Clearly, no single method can predict the organismal fitness with high accuracy given a single protein mutation: none of the predictors used in this analysis could explain >11% of the observed variation (corresponds to simple linear regression R2 = 0.11, Pearson correlation coefficient r = 0.33; ConSurf, supplementary table S5, Supplementary Material online). To test if the predictions can be improved by combining different methods, we fitted a multiple linear regression model with the selection coefficient as response variable and different subsets of the 40 predictors described above as dependent variables. The models with the lowest Mallow’s Cp value (Mallows 1973; Gilmour 1996) and highest adjusted R2 (supplementary fig. S6, Supplementary Material online) were chosen for further testing. We found that a model combining 9 unique predictors (Grantham matrix, Mutationassessor, PROVEAN, EASE-MM rASA, PoPMuSiC ΔΔG, HoTMuSiC ΔTm, SNPs&GO, S3Ds&GO, and face location [catalytic or stability face]; supplementary fig. S6A and B, Supplementary Material online) could explain 47% of the observed variation when lethal mutations were excluded (henceforth referred to as the nonlethal model). A model built by including the lethal mutations with 8 different predictors (EASE-MM ΔΔG, I-Mutant ΔΔG, NeEMO ΔΔG, PoPMuSiC ΔΔG, ENCoM ΔΔG, SDM ΔΔG, Secondary structure and face location [catalytic or stability face]; supplementary fig. S6C and D, Supplementary Material online; henceforth referred to as the lethal model) explained 50% of the observed variance. Thus, by combining different methods, a more powerful prediction of the fitness effects of a single mutation can be made.

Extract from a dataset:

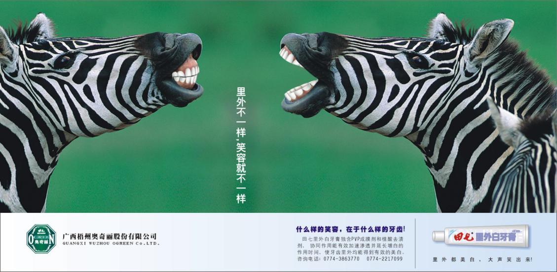 田七里外白牙膏的报纸广告,选了鲨鱼、猩猩、蜥蜴、斑马及人物作为画面主元素,用动物形象做牙膏广告已经让消费者意外,看到她们洁白整齐的牙齿和可爱的笑容,整个画面有了趣味儿,但当动物画面的海报与人物的海报放在一起的时候,配上那一句“里外不一样,笑容就不一样”不免动容,会心一笑,原来也在情理之中,具体如图7-13、图7-14、图7-15和图7-16所示。

Multiple Linear Regression Models Are Able to Predict Selection Coefficients

The resulting linear combination of predictors was then validated against the measured data. To build and assess our models with independent data, we used a jack-knifing approach: the data set was randomly divided in half, a multiple linear regression model with the suggested predictors was fitted against one half of the data and used to predict the other half. The difference between the predicted and measured fitness was calculated (supplementary fig. S7, Supplementary Material online). The procedure was repeated 1000 times. The error of the prediction (calculated as the absolute difference between the value predicted on half the data and the experimentally measured value) when excluding lethal mutations has an average of Δs = 0.09 (supplementary fig. S7A, Supplementary Material online) and a SD of σ2 = 0.04. When including lethal mutations, the error of the prediction deviates more frequently from zero and the variance of the selection coefficients is increased compared with when lethal mutations are excluded when fitting the model (supplementary fig. S7B, Supplementary Material online). The average error is Δs = 0.17 and the SD is σ2 = 0.07. Further, in the nonlethal model, 50%, 80%, and 95% of the predictions have an average difference with the observed selection coefficient smaller or equal to 0.09, 0.12, and 0.16, respectively. In other words, 50% of the predictions were 0.09 or less from the observed selection coefficient and 80% were 0.12 or less from the observed value. In the lethal model, the predictions are not as accurate: 50%, 80%, and 95% of the predictions have an average difference smaller or equal to 0.17, 0.23, and 0.30, respectively.

Conclusions

To forecast evolutionary trajectories, we need to understand how mutations influence the function of proteins, RNAs, and regulatory regions and how these changes in turn affect organism fitness. The present analysis of the fitness effects of mutations in the HisA biosynthetic enzyme contribute several new insights and illustrate the inadequacy of the available prediction tools.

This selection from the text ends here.